In the crowded seven-person field for the GOP Senate nomination, you need to stand out. Paul Broun, the congressman from Athens, wants to stand out as the most conservative person in the field.

“Here are the three words that will tell you who I am: conservative, constitutionalist and Christian,” Broun told a small crowd — most of them senior citizens — in a campaign appearance Tuesday evening in DeKalb County. He also quickly dismissed the electoral chances of Michelle Nunn, the likely Democratic nominee, whom he described as “a community organizer from Atlanta.”

“The way the dynamics of this cycle are, the Democrats cannot win,” Broun said. “I don’t think even her dad could win this race. A Democrat cannot win. So we’re going to elect a Republican. And the Republicans are going to nominate the most conservative Republican. That would be me.”

That’s a critical point for Broun’s candidacy. Here in Georgia and in Washington as well, the nomination of the combative Broun is perceived as the best chance the Democrats have for taking the seat now held by Saxby Chambliss. And while it’s early in the campaign, Broun was already honing conservative applause lines for about any topic thrown at him.

Taxes? “Ten percent is good enough for the Lord, so it ought to be good enough for Uncle Sam.”

Abortion? “Planned Parenthood wants to continue abortion all the way up to the second that the head pops out, that the whole baby pops out. They want to be able to kill these unborn children all the way up to the end.”

Education? “I say let’s close down the Department of Education totally…. Let’s stop the Department of Education from giving us No Child Left Behind and now Common Core, which is going to be disastrous.”

Broun also cast himself as a populist, taking the side of “the little people” against what he called “the ruling elite” of both parties. In fact, at times he almost sounded so populist as to be liberal.

“We have enough money in this country to take care of poor people, and we must!” he told his listeners. “We have enough money in this country to take care of senior citizens that are on limited income and need some help. We absolutely must do that. We have enough money to provide good, quality health care for ALL Americans. And we absolutely should. We must! We have enough money in this country to provide a world-class education to every child.”
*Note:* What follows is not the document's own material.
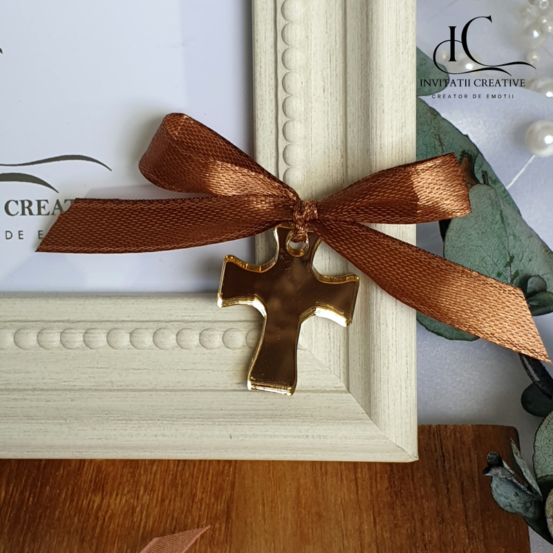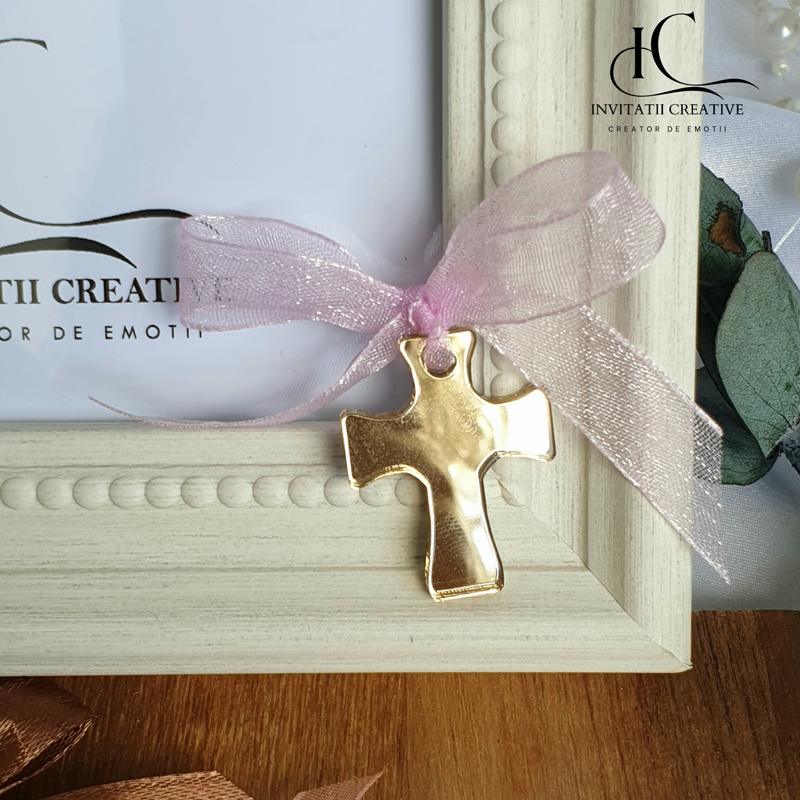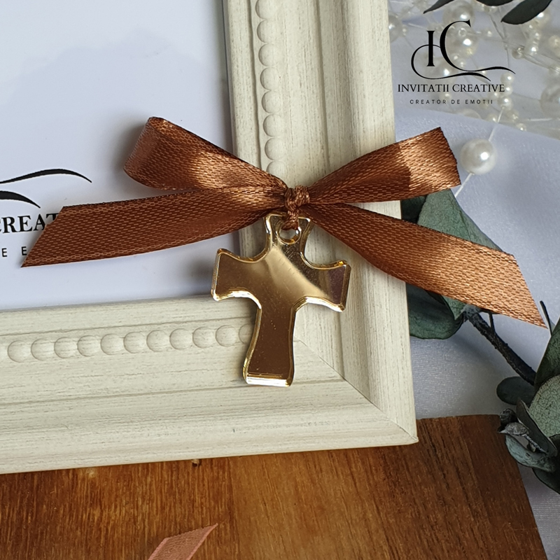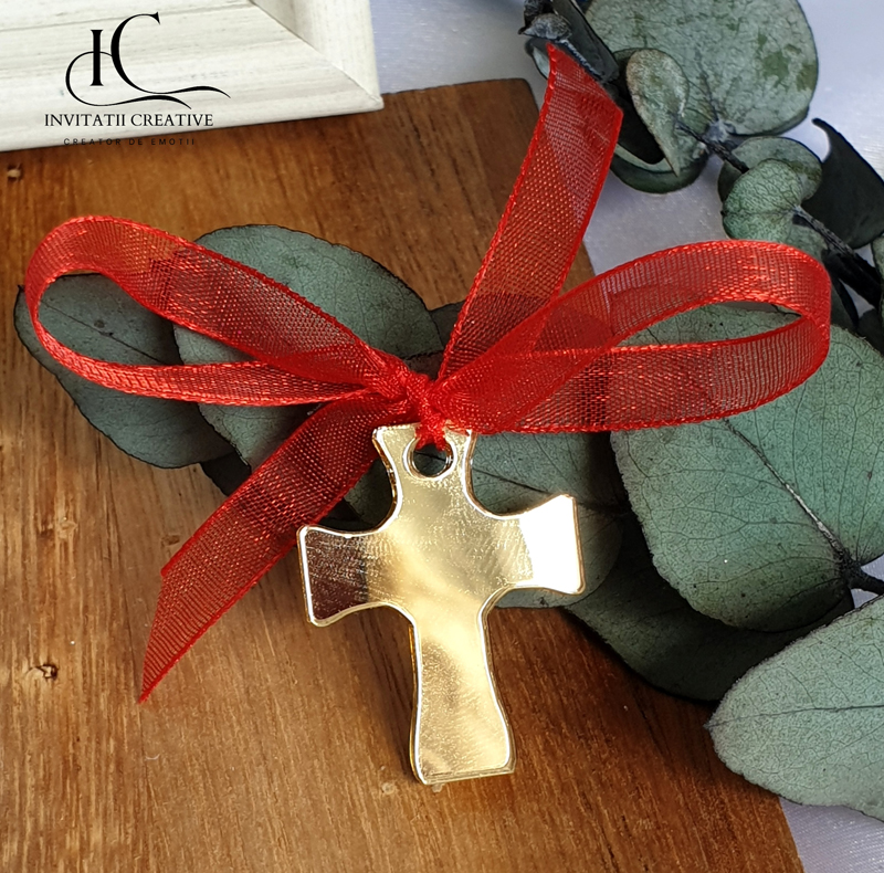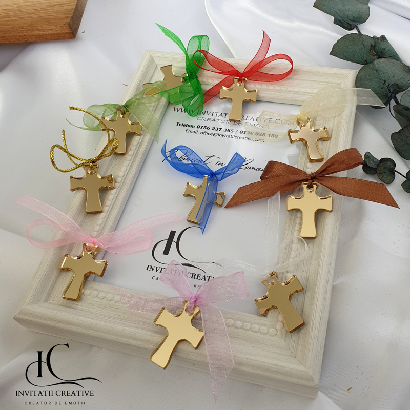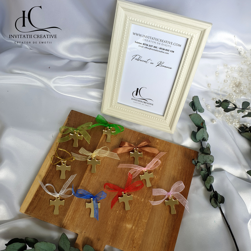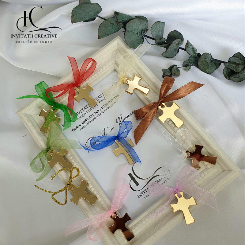 🌟 Ce este produsul? O cruciuliță decorativă, de 3 cm lungime și 2 mm grosime, realizată din pexiglas auriu, cu finisaje lucioase și delicate. Accesorizată cu panglică de satin sau organza, pentru un aer festiv și elegant. Cruciulitele vin într-o cutiuță,din care pot fi impartite cu drag in biserica.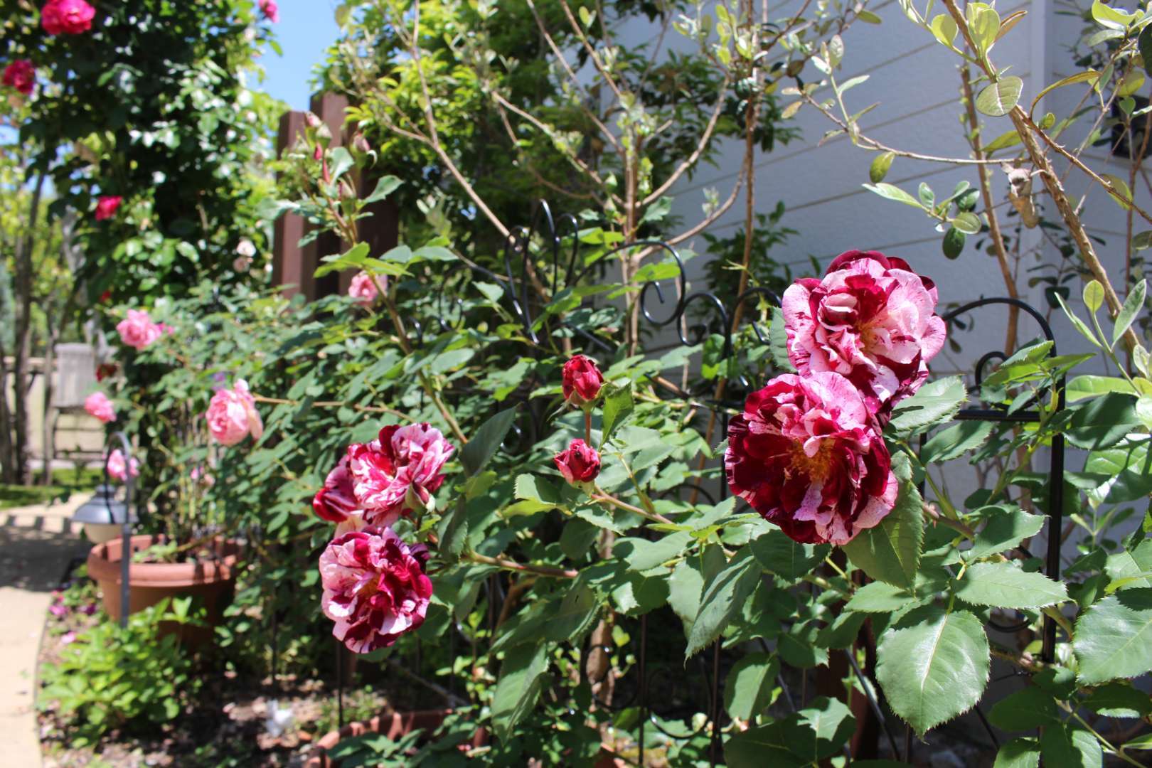 一番目を引くのがこのギーサヴォア。濃いピンクに薄いピンクの縞が入るばら。発色がよく、遠くからでも目を引きます。

Earlier, he had used that same rhetorical device in discussing his plan to abolish the Environmental Protection Agency.

“We’ve got be good stewards of our environment. There’s no question. We must! But we should not be spending billions of dollars on an EPA up in Washington that’s hurting our economy and that’s killing jobs today and that’s driving up the cost of energy. Our state can do that.”

So, how do you slash taxes by more than half and still have money to provide health care for all, education for all and also take care of senior citizens?

“The problem is when we’ve built a major bureaucracy in Washington and pay those fatcat bureaucrats these huge salaries. They take money from those who have the greatest need, poor people and the senior citizens on limited incomes. We need to put the money where it needs to be instead of a bigger bureaucracy. The federal government is destroying everything that this country was made on.”

In other words, if you gauge a person’s conservativism by their devotion to the belief that we can slash government in half yet somehow not harm popular and important programs, then yes, Paul Broun might be the most conservative person in the field.